Extracted entries below:

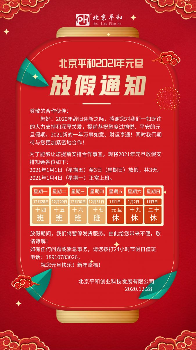 北京平和 2021年元旦放假通知
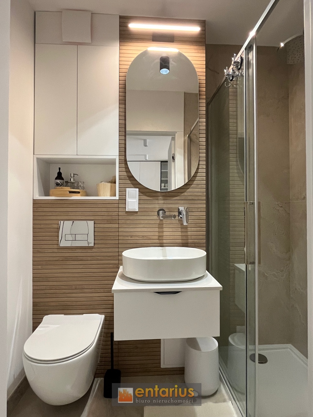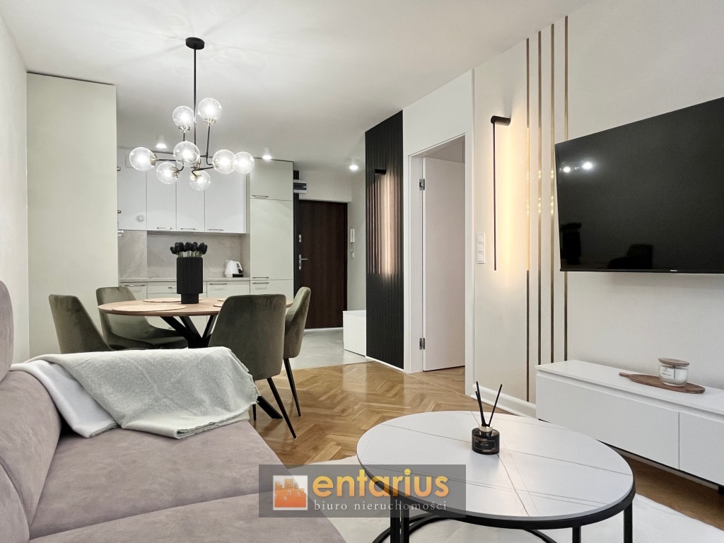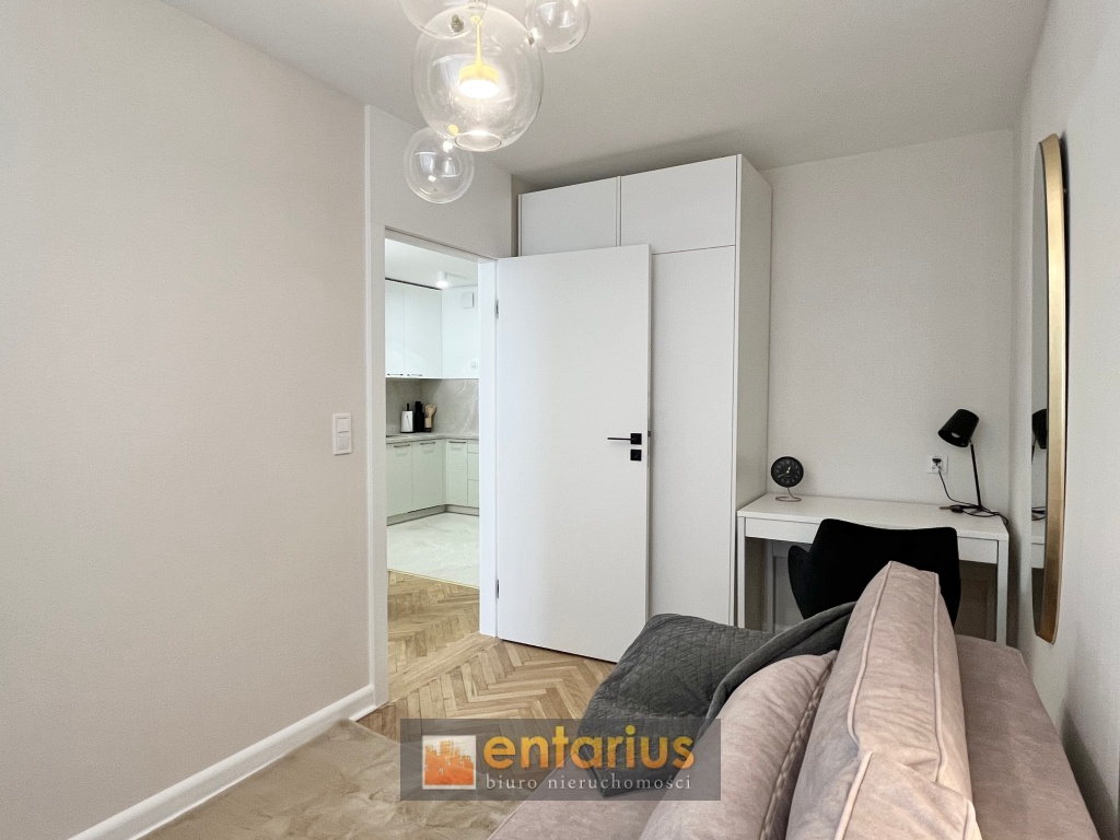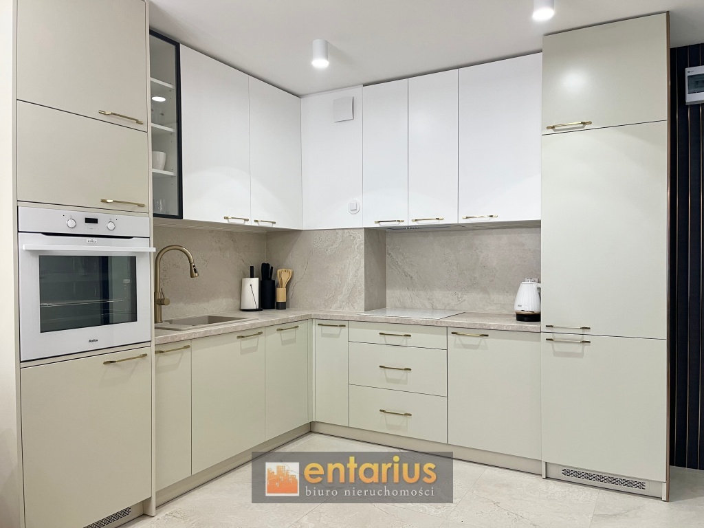 Mieszkanie jest w pełni umeblowane i wyposażone – do dyspozycji najemcy m.in. telewizor, pralka, zmywarka, piekarnik, płyta grzewcza, lodówka.
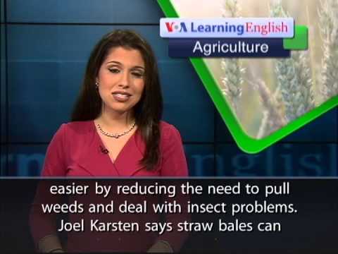 From VOA Learning English, this is the Agriculture Report. Straw bale gardening is a way to grow food above the ground. Straw is what remains of plant stems after grain is harvested. The long, dry tubes are gathered into bales. Bales are often about a meter long and half a meter high and wide. Straw is different from hay. Hay is made from whole plants and used to feed animals. Straw is used mostly for animal bedding. Joel Karsten wrote a book called "Straw Bale Gardens." He says this ancient, and increasingly popular, idea is a form of container gardening. He says using containers makes gardening easier by reducing the need to pull weeds and deal with insect problems. Joel Karsten says straw bales can require less water, and prevent plant diseases caused by too much water in the soil. He says it is not possible to overwater a bale of straw because all the extra water just runs out the bottom. In areas with polluted soil, growing food in straw bales is easier than building above-ground containers for soil. Oats and wheat are the most commonly baled grains in the United States. Rice straw is also good for baling and gardening. The straw bale becomes both the container and the growing material. Preparing the bale takes about two weeks. The first step is to add water and fertilizer to the center of the bale every day for three days. This begins the process of bacteria breaking down the straw into a growing medium. Once this happens, the bales are ready for seeds or young plants. Some experts say planting seedlings is better than growing from seeds. You can find plenty of information about straw bale gardening on the Internet. For VOA Learning English, I'm Alex Villarreal. (Adapted from a radio program broadcast 21May2013)
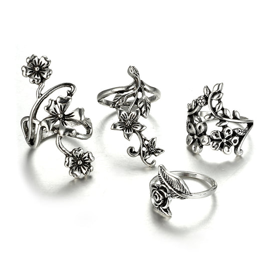Vintage Rose Flower Rings Set for Women Girl Bohemia Antique Silver Color Midi Rings Set Floral Knuckle Ring 6047
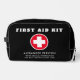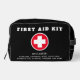 Elevate your safety with this simple, modern red, black and white first aid Dopp kit, a compact lifesaver for emergencies. Personalise your name and medical information on the front for easy identification. On the reverse, find a detailed list of included essentials such as bandages, antiseptic wipes, and medications, all labelled for quick access. Embellished with a prominent red and white cross, this kit stands out for its functionality and style. Designed for versatility and peace of mind, it's your go-to companion for every journey.
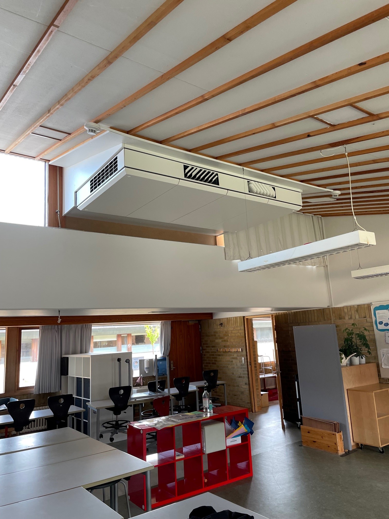 Det betyder, at de kører uafhængigt af hinanden i hvert sit lokale med intelligent behovsstyring – og uden at være forbundet af kanaler. Anlæggene på Ellemarkskolen er lofthængte, og skolen skal derfor heller ikke ud at finde - kvadratmeter til anlæggene:
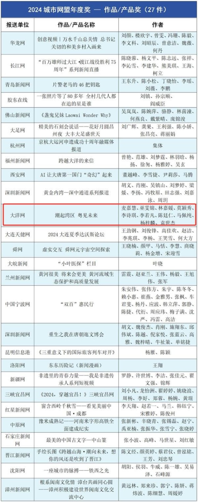 中国城市新闻网媒联盟是由具有国家级和省级新闻采编发布资质的城市新闻网站建立的交流协作机制。目前,城市网盟成员单位已有100多家,汇聚了各地最专业的新闻网站、APP,以及头条、抖音、视频号等新媒体矩阵,累计粉丝总量突破5亿。2024年是中国城市新闻网媒联盟成立20周年,也是多数地方新闻网媒成立20年的时间节点。为了全面展示我国城市新闻网媒20年创新发展成果,大会还颁发了“城市新闻网媒(2004-2024)20年特别奖”,大洋网《潮起湾区 韵动岭南》作品获奖。
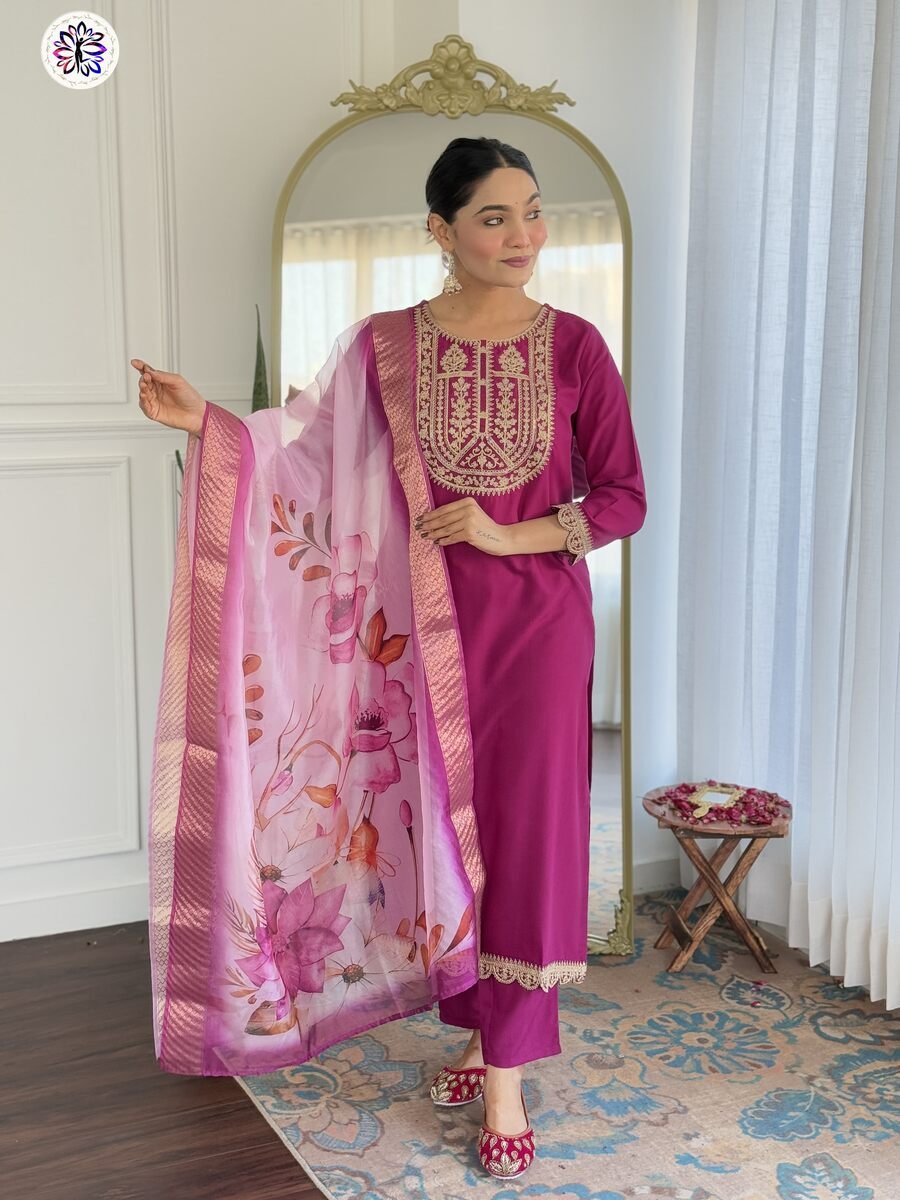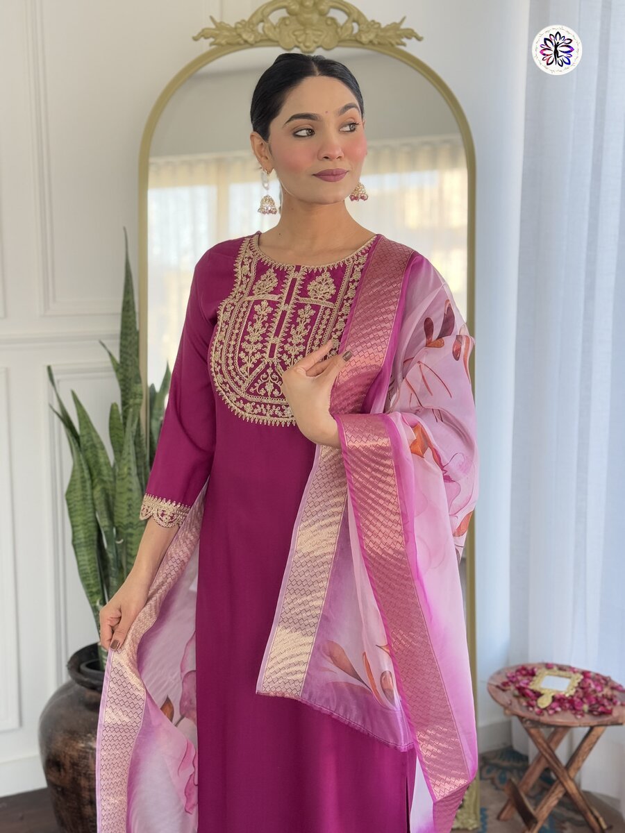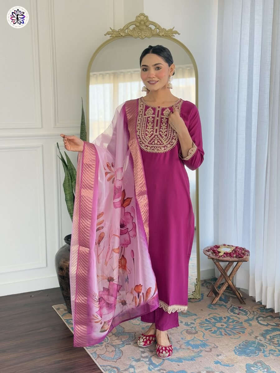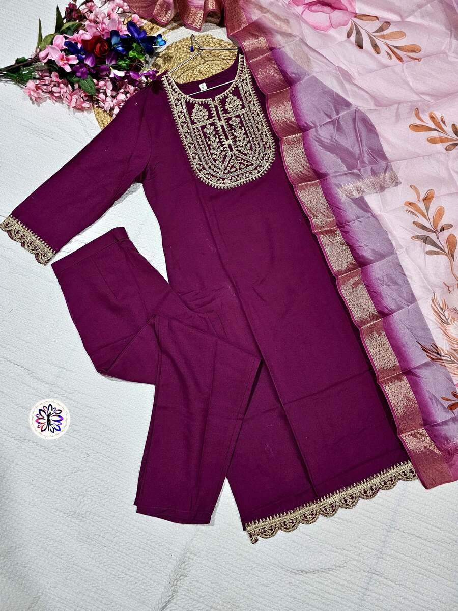 DESIGNER RAYON EMBROIDERY WORK TOP BOTTOM WITH DUPATTA WINE

End of Extracted entries.

Directions for this task:
Print exactly the lines running from the start of the entries above to the line with "Mieszkanie jest w", both included; leave out any pictures.

Problem solution:
 北京平和 2021年元旦放假通知
 Mieszkanie jest w pełni umeblowane i wyposażone – do dyspozycji najemcy m.in. telewizor, pralka, zmywarka, piekarnik, płyta grzewcza, lodówka.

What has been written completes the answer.